AT & T and Concert opposed the motion by Oved & Oved by arguing that Dialcom, in previously seeking relief only based upon MAA 4.4 and failing to mention SA–1, had conceded that MAA 4.4, rather than SA–1, was its sole basis for recovering compensation. Specifically, AT & T and Concert asserted that Dialcom was directly contradicting itself by asserting claims based upon the two percent commission to which it was entitled under SA–1 when for years it had been seeking claims only based upon MAA 4.4.

By decision and order dated October 17, 2006, the court did not grant the motion by Oved & Oved insofar as it sought to allow Dialcom the right to pursue the dismissed claims under MAA 4.4 that had been previously pleaded by petitioners, but the court granted Dialcom leave to serve an amended complaint, finding that Dialcom's “new facts” in its proposed Second Amended Complaint incorporated claims “which were not asserted in prior pleadings.” On April 8, 2008, the Appellate Division, Second Department, unanimously affirmed the court's October 17, 2006 decision and order, holding that the claims pleaded by Oved & Oved in the Second Amended Complaint were not “duplicative of any previously-dismissed claims.”

On March 9, 2007, AT & T and Concert moved for leave to reargue the court's October 17, 2006 decision and order, or, in the alternative, to dismiss the first, fourth, and sixth causes of action of Dialcom's Second Amended Complaint pursuant to CPLR 3211(a)(5) and (7). AT & T and Concert again argued that Dialcom's claims should be dismissed because Dialcom had conceded that its sole right to recover for breach of contract was under MAA 4.4 by omitting the claims for commissions under SA–1 from the dismissed complaints. AT & T and Concert further reiterated their argument that the new claims for commissions based upon the SA–1 were inconsistent with that concession.
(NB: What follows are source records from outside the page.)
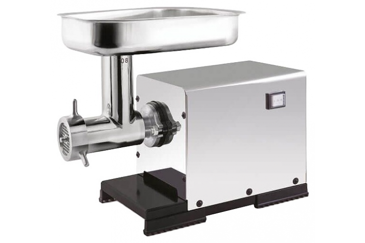 Электрическая шнековая мясорубка RGV TPM 8 предназначена для измельчения мяса, птицы и рыбы в фарш, повторного измельчения котлетной массы и набивки колбас на предприятиях пищевой промышленности, общественного питания и торговли. Модель оснащена электромеханическим управлением. Корпус выполнен из нержавеющей стали марки AISI 430, мясорубочная часть - из нержавеющей стали AISI 304, решетка – из нержавеющей стали.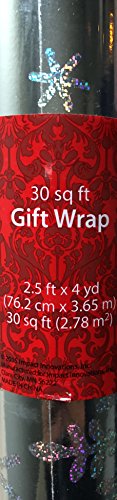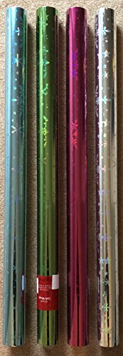 Product Description Designer Foil Christmas Wrap 30 Sq. Ft. (2.5 ft. x 4 yd) Silver Snowflakes on Pink, Silver, Green, Or Blue-SET OF 3 OF RANDOM COLORS Durable Paper 0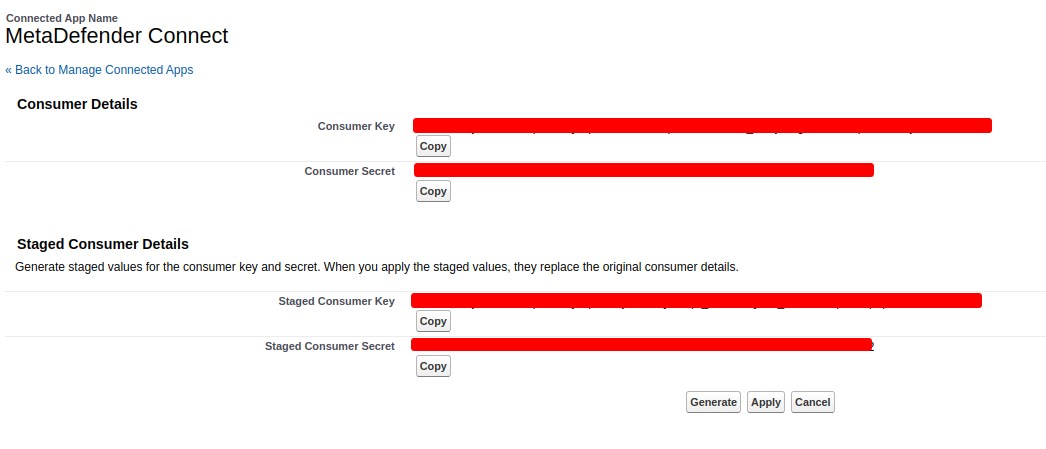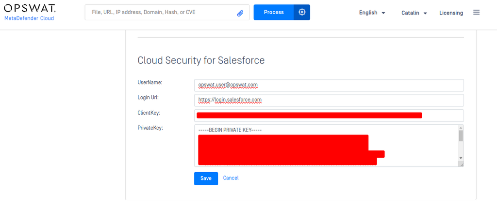 - Visit the security page:https://metadefender.opswat.com/account/security Find "MetaDefender for Salesforce” section.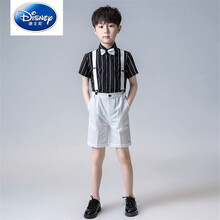 【特价捡漏】迪士尼(DISNEY)儿童打底裤夏薄男童短袖小西装套装夏季小主持人钢琴演出礼服六一儿童节 黑色两件套(衬衫+短裤) 送领结背带 160cm

By decision and order dated June 17, 2008, the court rejected these arguments and denied AT & T and Concert's motion to reargue. The court, in its June 17, 2008 decision and order, noted that the focus of most of the prior litigation in this action was on MAA 4.4 which only addressed supplemental compensation, which was separate and distinct from Concert's payment obligations under SA–1 and the MAA. The court specifically noted that Dialcom “had retained new attorneys who, upon reviewing the case file, found a complete failure by [Dialcom's] former attorneys to plead any cause of action or allegations concerning [AT & T and Concert's] payment obligations under [SA–1], or any portion of the MAA aside from [MAA 4.4] or to properly plead a quantum meruit claim with respect to the Qwest account.” It further determined that the claim concerning IDT pleaded in the first cause of action of Dialcom's Second Amended Complaint drafted by Oved & Oved was not barred by the one-year Statute of Limitations, in contrast to the claims pleaded by petitioners concerning the transition of the IDT account (analyzed under the court's July 20, 2004 decision and order) which were time-barred. It also found that Dialcom had now properly pleaded, in its fourth cause of action a viable claim for quantum meruit claim with respect to the Qwest account. It additionally found that Dialcom's sixth cause of action for breach of the covenant of good faith and fair dealing contained sufficient allegations as to a willful and bad faith effort by AT & T and Concert to circumvent the entire MAA and deprive Dialcom of its benefits so as to survive dismissal.

In addition to defending the new claims set forth in the Second Amended Complaint, Oved & Oved served numerous voluminous discovery requests concerning the IDT, Qwest, Verizon, and Bell South accounts, including two comprehensive document requests, interrogatories, a demand for witness names, and a notice of deposition of 13 different employees and former employees of AT & T. According to Oved & Oved, due to the past inaction by petitioners with respect to discovery, AT & T challenged Dialcom's right to serve discovery for the first time in the three years since the action was commenced. The parties entered into a stipulation dated March 25, 2009 providing for a discovery schedule.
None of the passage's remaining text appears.